From Innovation to Impact: Why Ethical AI Is Critical for the Future of Biopharma, According to Leen Kawas

Leen Kawas
Leen Kawas

Artificial intelligence and machine learning have emerged as transformative forces within the biotechnology and pharmaceutical industries, promising to revolutionize everything from drug discovery to clinical trials and personalized medicine. However, as these technologies become increasingly integrated into healthcare applications, questions surrounding their ethical implementation have taken center stage. Biotechnology leader Leen Kawas offers valuable insights on balancing technological advancement with ethical responsibility in this rapidly advancing sector.

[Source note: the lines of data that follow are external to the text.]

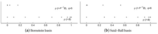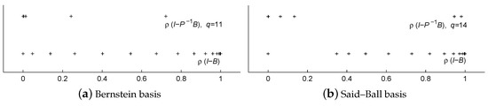 The spectral distributions of and resulting from Bézier curves and Said–Ball curves in Examples 1–3 are illustrated in Figure 1, Figure 2 and Figure 3, respectively. From those figures, we can see that most of the eigenvalues of the preconditioned iteration matrices are far away from 1 and clustered around 0 in each of six cases.
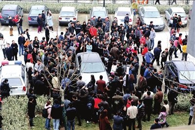 開發商一代表坐在奔馳車內不敢出來,上百名購房者將其圍住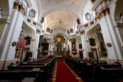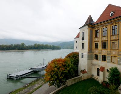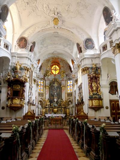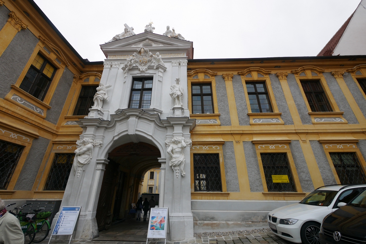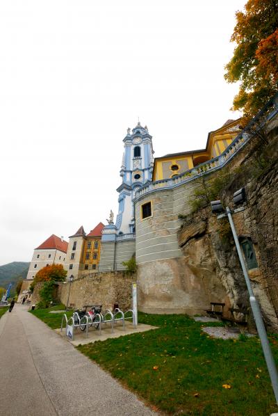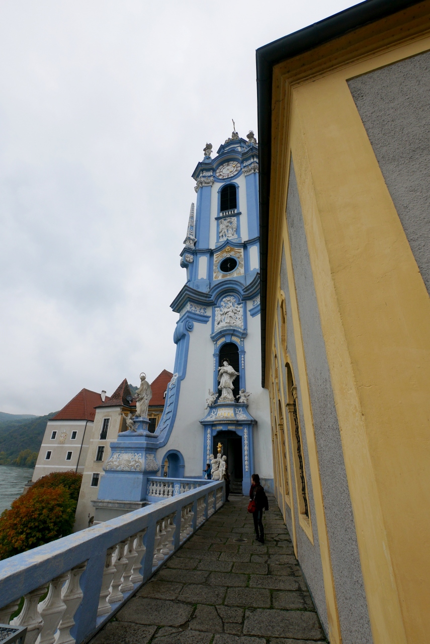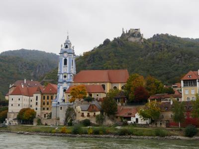 Durnsteinの真ん中に立つ大きな教会.水色の塔が目印.15世紀創建,18世紀にバロック建築に.聖堂の中は絢爛豪華 バルコニーからはドナウの流れが見える.真下に遊覧船の発着所 3ユーロと入場料が安く,見ごたえがある.展示室もあるがドイツ語のみの表記でわかりにくいが聖アウグスティヌスを中心としたキリスト教の歴史などを展示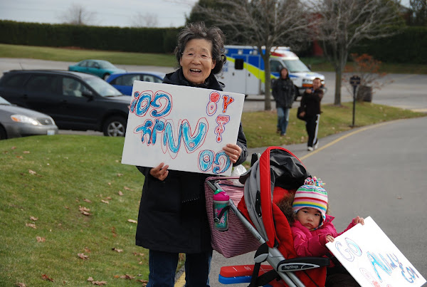 最近壁虎妈疏于笔耕,但是壁虎爸第一次参加半马比赛归来,说什么也要总结一下。话说壁虎爸三项赛后的另一个目标就是参加半程马拉松21.1公里的比赛。每天晚上当壁虎妈和小壁虎见周公了,就出门苦练跑步。据说还是有训练计划的。这不,报名了 Angus Glen 的半程马拉松比赛,日期就订在11月7日。作为资深啦啦队队长,壁虎妈是呼朋唤友,早早网络了一群朋友来助威,而且还鼓动一群小孩子报名参加同一天举行的1公里少儿比赛,这样确保亲友团不会临阵脱逃。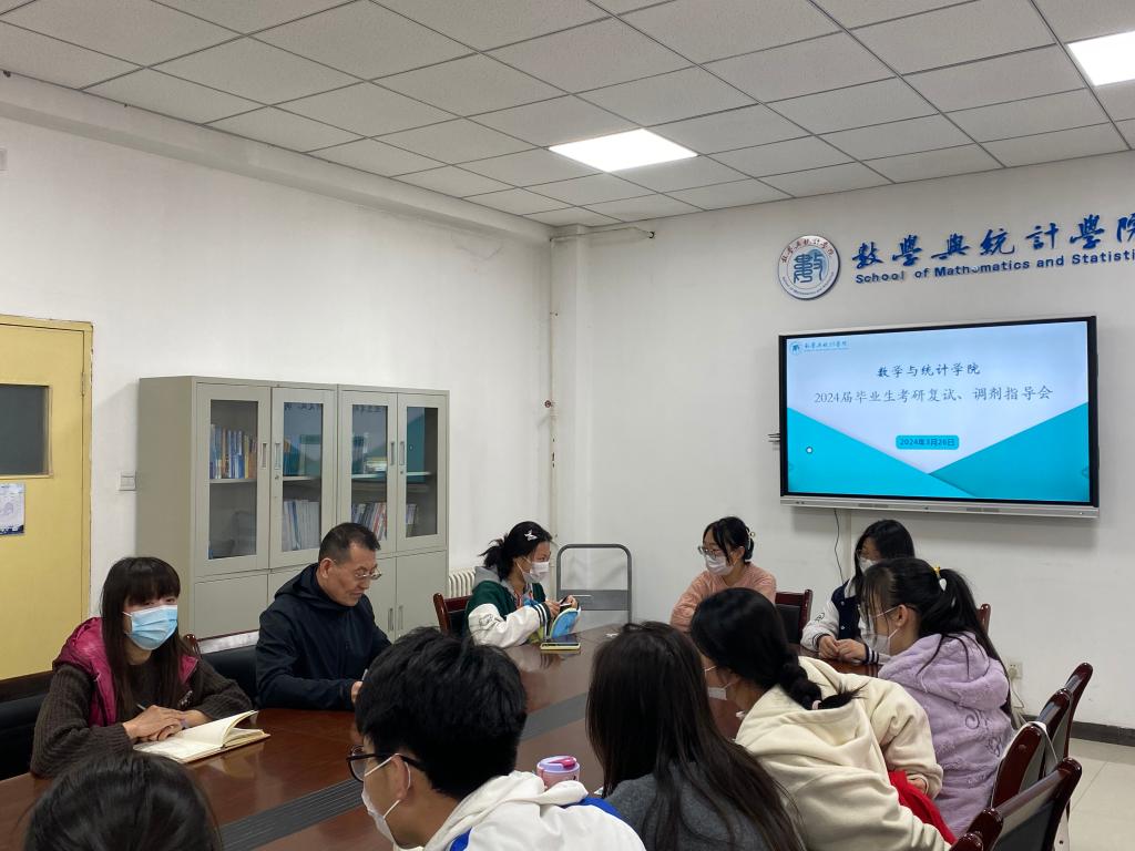 为助力2024届考研学子积极应对考研复试,进一步做好毕业生升学工作,加强精准指导,提升2024届毕业生考研成功率,3月26日,数学与统计学院在二教楼D319会议室召开2024届毕业生考研复试、调剂指导会,学院相关领导、毕业班辅导员及2024届考研上线学生参加会议。会议由学院党委副书记、毕业班辅导员张晔主持。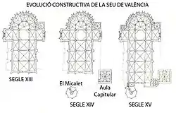 Excavations of Almoina Archaeological Centre have unearthed the remains of the ancient Visigothic cathedral, which later became a mosque.[3] There is documentary evidence that some decades after the Christian conquest of the city (1238), the mosque-cathedral remained standing, even with the Koranic inscriptions on the walls, until 22 June 1262, when the then bishop Andreu d'Albalat [4] resolved to knock it down and build a new cathedral in its place according to the plans of the architect Arnau Vidal.[5] Hypothetically, the ancient Muslim mosque would correspond with the current transept of the cathedral, the Apostles' gate would be the entrance to the mosque and the Almoina ("alms") gate the mihrab.[6]

The Growing Influence of AI in Biotechnology

According to Leen Kawas, Managing General Partner at Propel Bio Partners, AI and machine learning capabilities are driving significant advancements across multiple facets of healthcare.

"AI capabilities are integral to more accurate diagnostics, personalized patient treatment, and chronic disease prediction, among other applications," explains Leen Kawas. "AI and ML are anticipated to have the most transformative effect on pharmaceutical research and development."

This dramatic shift is being fueled by improvements in computational power and data science capabilities that enable researchers to capture and process massive, diverse datasets with unprecedented efficiency. "AI/ML have been used in drug discovery in the last two decades. What is even more exciting is that now we are seeing an increased focus on the utilization of AI/ML in clinical trials and conduct," Leen Kawas notes.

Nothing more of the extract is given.